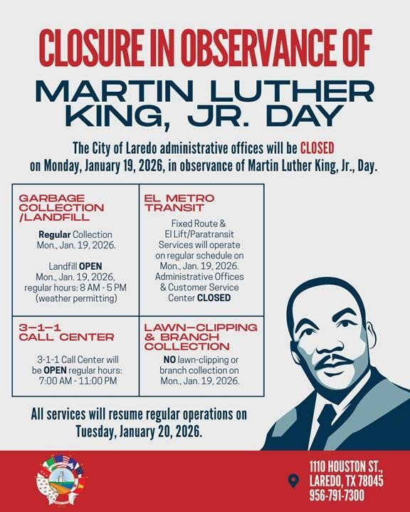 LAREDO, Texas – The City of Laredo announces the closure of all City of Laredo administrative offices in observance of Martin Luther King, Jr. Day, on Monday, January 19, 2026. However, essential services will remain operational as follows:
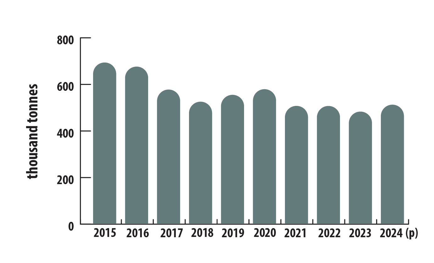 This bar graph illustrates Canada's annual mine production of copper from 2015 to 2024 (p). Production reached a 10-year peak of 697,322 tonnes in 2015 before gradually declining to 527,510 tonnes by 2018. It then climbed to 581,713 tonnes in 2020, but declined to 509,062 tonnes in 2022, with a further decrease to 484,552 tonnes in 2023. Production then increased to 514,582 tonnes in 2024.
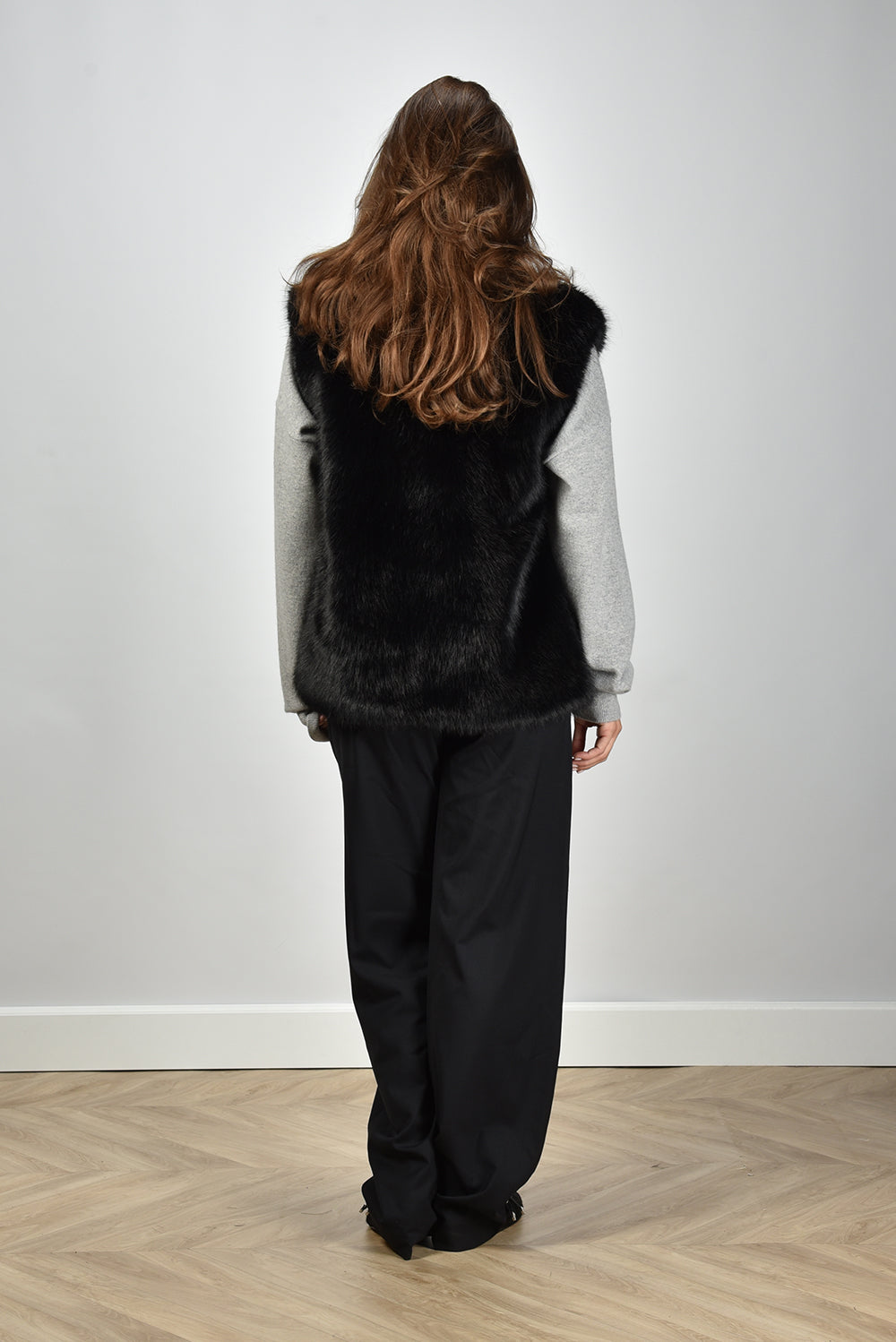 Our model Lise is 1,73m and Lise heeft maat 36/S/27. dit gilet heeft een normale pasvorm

• [Work to complete]: Retype precisely, and only, the lines from the one holding "This bar graph" through the final line of the data above, with the pictures omitted.

• [Solution to the exercise]:
 This bar graph illustrates Canada's annual mine production of copper from 2015 to 2024 (p). Production reached a 10-year peak of 697,322 tonnes in 2015 before gradually declining to 527,510 tonnes by 2018. It then climbed to 581,713 tonnes in 2020, but declined to 509,062 tonnes in 2022, with a further decrease to 484,552 tonnes in 2023. Production then increased to 514,582 tonnes in 2024.
 Our model Lise is 1,73m and Lise heeft maat 36/S/27. dit gilet heeft een normale pasvorm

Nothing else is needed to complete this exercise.